The narrow tuples follow the same shape as the existing _filtered handler
at line ~552 (which already used (AttributeError, UnicodeDecodeError,
json.JSONDecodeError) for payload decode and was the right model). The
classification rationale is documented inline at each site:

- RuntimeError covers already-closed sessions, undeclared handles, and
  invalid-state errors raised by the zenoh / awsiot APIs.
- ConnectionError covers broker drops mid-call (IoT) and Zenoh peer
  disconnects mid-publish.
- OSError covers socket-level write/teardown races.
- AttributeError (teardown only) covers mock handles and partial-init
  states surfaced during unit tests.

Genuine bugs (TypeError, ValueError, KeyError, etc.) now propagate
instead of being silently logged at debug level.

Pin test:
TestNarrowExceptionsR3.test_no_bare_except_exception_in_bridge_transport
is a source-grep regression pin (same shape as the existing
test_no_time_dot_time_in_dedup_path R12 pin). Fails if any future change
reintroduces `except Exception` in bridge_transport.py. Includes a
descriptive error message pointing at the AGENTS.md rule and the
documented narrow tuples to use.

All 28 tests in tests/mesh/test_bridge_dedup.py pass; full mesh suite
(468 tests / 2 skipped) is green.

AI Disclosure: This change was authored by an autonomous AI agent
(strands-agents).
Copy link
Copy Markdown
Contributor

@yinsong1986 yinsong1986 left a comment

Choose a reason for hiding this comment

The reason will be displayed to describe this comment to others. Learn more.

Summary

PR-5/9 of #195's split. Lands four roughly-orthogonal changes on the bridge transport:

  1. _CommandDeduplicator for cross-transport dedup of duplicate Zenoh+MQTT deliveries, keyed by canonical (sender_id, turn_id, command) SHA-256.
  2. TTL eviction switches from time.time() to time.monotonic() (R12 carry-over).
  3. _should_bridge tightens prefix-walk to exact-match plus an opt-in STRANDS_MESH_BRIDGE_TOPICS_PREFIX allow-list (good cloud-pollution mitigation).
  4. Seven except Exception sites narrowed to (RuntimeError, ConnectionError, OSError) / (RuntimeError, AttributeError, OSError) per AGENTS.md hygiene.
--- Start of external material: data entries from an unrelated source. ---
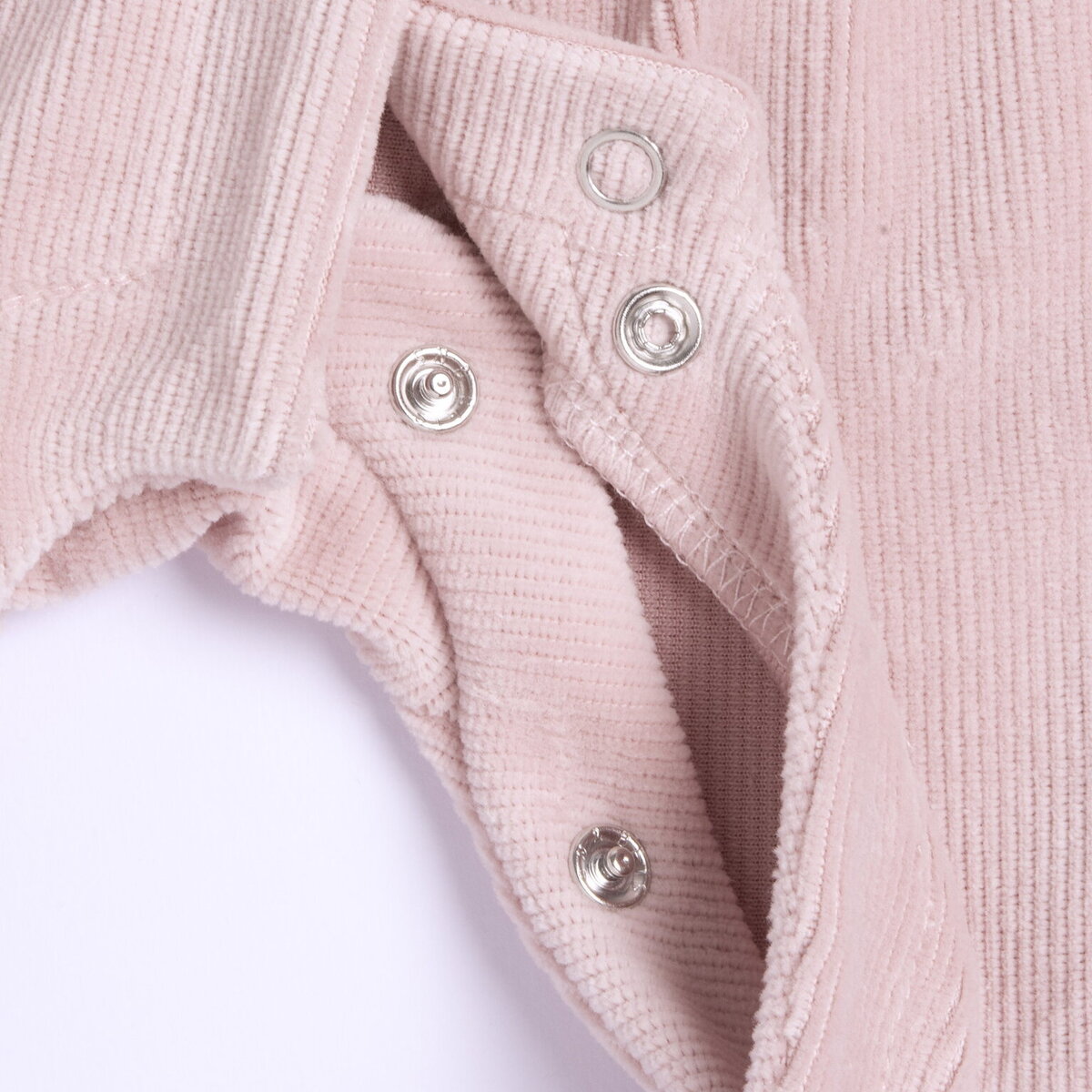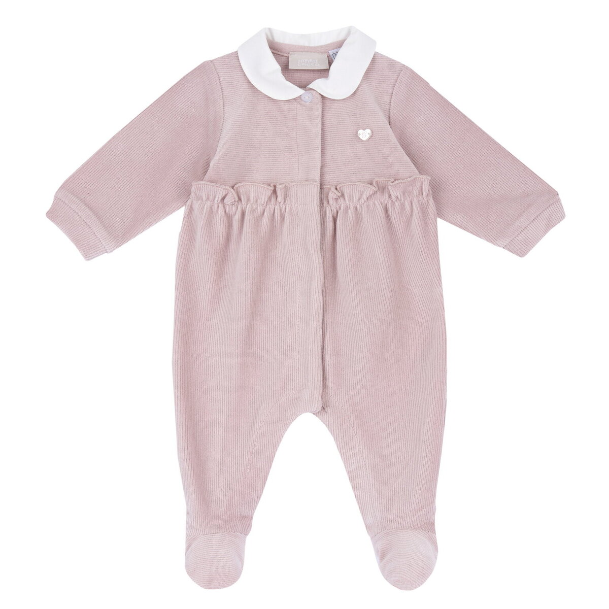 Βελουτέ φορμάκι CHICCO σε ροζ χρώμα με ριπ σχέδιο, γιακά και κούμπωμα με τρουκς στο μπροστινό μέρος.
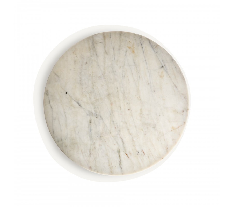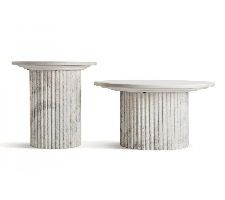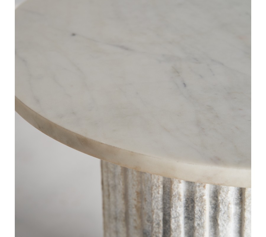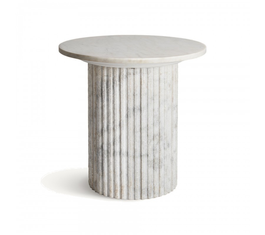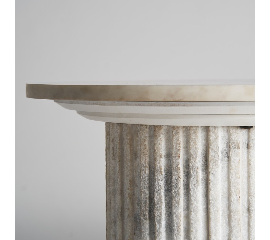 Silueta stolíka svojím tvarom pripomína antický stĺp. Vrchnú časť tvorí okrúhla doska, uložená na mohutnej nohe s vertikálnym drážkovaným reliéfom, ktorý pripomína kanelúry na antických stĺpoch. Povrch nohy je drsnejší, v kontraste s lesklou hladkou vrchnou doskou. Stolík je vyrobený z bieleho mramoru s prirodzenou sivou kresbou kameňa s teplými béžovými podtónmi. Materiál tak pôsobí naturálnym dojmom.
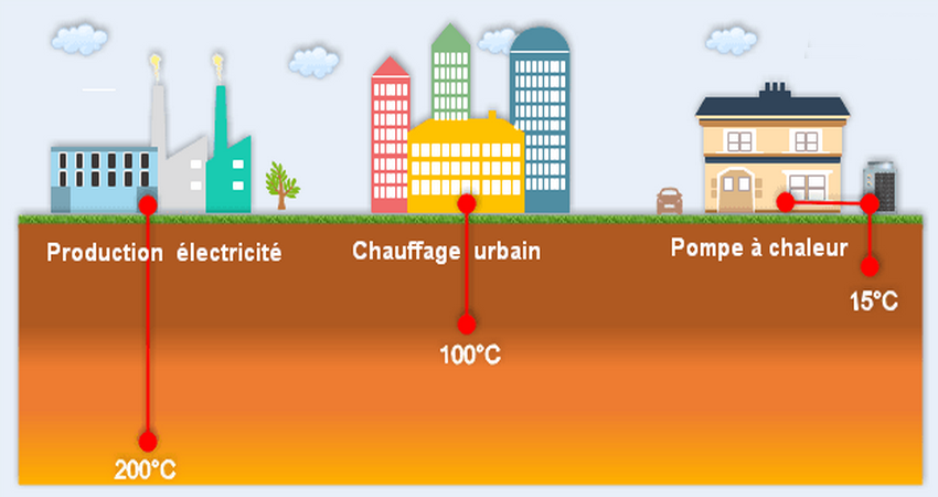 Voilà une chaleur disponible 24 heures sur 24, 365 jours par an, qui ne dépend ni du climat, ni des saisons, ni du jour ou de la nuit. Pour peu qu’on sache correctement l’exploiter, nous avons donc sous les pieds une réserve d’énergie quasi-inépuisable car réapprovisionnée en permanence ! De plus, elle permet d’être indépendant au niveau énergétique par rapport à un pays tiers, ce qui n’est pas le cas aujourd’hui avec les énergies fossiles. Avec la géothermie à très basse (température inférieure à 30° C) et basse énergie (température entre 30 et 90° C), on récupère la chaleur du sous-sol pour l’exploiter directement ou grâce à des pompes à chaleur. Elle servira à chauffer des maisons, des immeubles, des piscines.

The §13 changelog is unusually thorough (R1/R2/R3 each pinned with a regression test that fails on pre-fix code) and the test file actually exercises the canonical-tuple path in TTL/clear/first-call assertions, fixing the vacuous-test class flagged in R3-b. Scope discipline is good — this is genuinely a transport-layer change with no core.py reach-through.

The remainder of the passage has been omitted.